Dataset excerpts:
##########
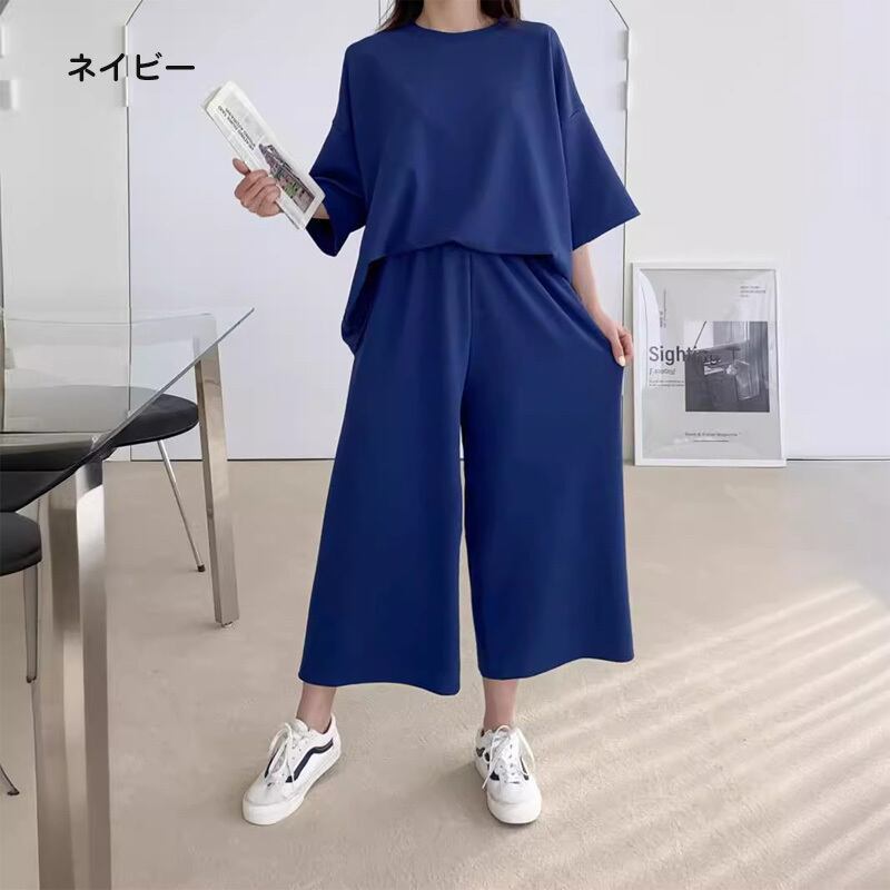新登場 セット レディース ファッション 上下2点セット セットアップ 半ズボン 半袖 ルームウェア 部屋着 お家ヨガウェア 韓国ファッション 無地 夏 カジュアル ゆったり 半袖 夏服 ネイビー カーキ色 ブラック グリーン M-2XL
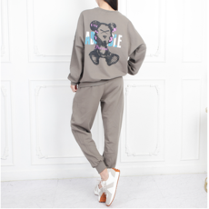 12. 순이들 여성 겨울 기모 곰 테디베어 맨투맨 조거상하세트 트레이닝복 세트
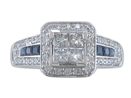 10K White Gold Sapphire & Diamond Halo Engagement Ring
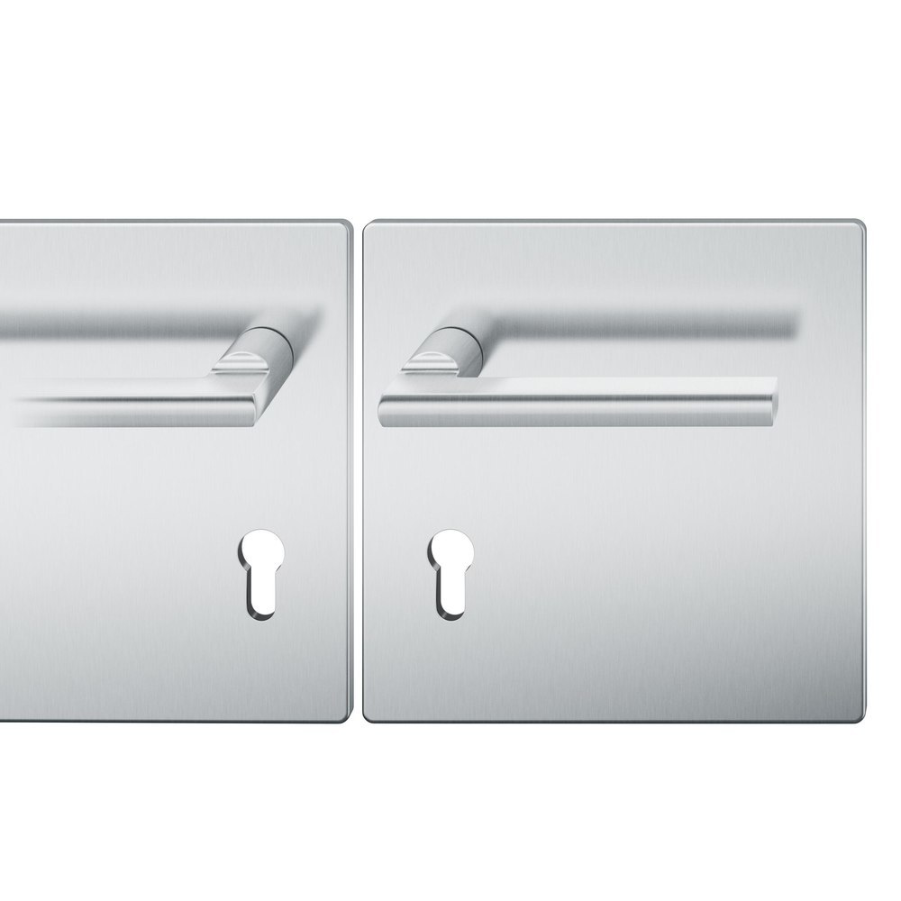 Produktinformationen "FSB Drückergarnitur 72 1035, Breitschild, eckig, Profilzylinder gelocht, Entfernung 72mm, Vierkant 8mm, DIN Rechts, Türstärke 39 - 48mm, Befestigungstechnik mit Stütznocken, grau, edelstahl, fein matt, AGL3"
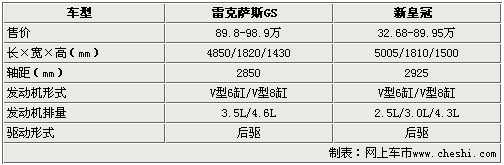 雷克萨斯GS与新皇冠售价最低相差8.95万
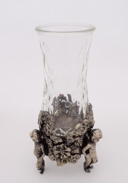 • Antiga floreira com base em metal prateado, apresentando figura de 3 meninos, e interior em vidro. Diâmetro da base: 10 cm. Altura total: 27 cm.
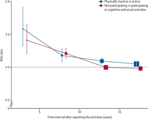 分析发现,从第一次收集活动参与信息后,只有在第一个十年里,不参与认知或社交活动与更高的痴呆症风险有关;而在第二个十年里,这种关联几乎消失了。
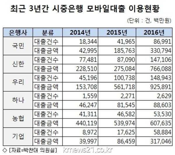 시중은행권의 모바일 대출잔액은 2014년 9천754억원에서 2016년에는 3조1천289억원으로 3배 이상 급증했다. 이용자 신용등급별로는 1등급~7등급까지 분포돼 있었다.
##########
Leaving out the pictures, please transcribe exactly the lines from the one that holds "分析发现,从第一次收集活动参" through the last line of the entries above, both included.

 分析发现,从第一次收集活动参与信息后,只有在第一个十年里,不参与认知或社交活动与更高的痴呆症风险有关;而在第二个十年里,这种关联几乎消失了。
 시중은행권의 모바일 대출잔액은 2014년 9천754억원에서 2016년에는 3조1천289억원으로 3배 이상 급증했다. 이용자 신용등급별로는 1등급~7등급까지 분포돼 있었다.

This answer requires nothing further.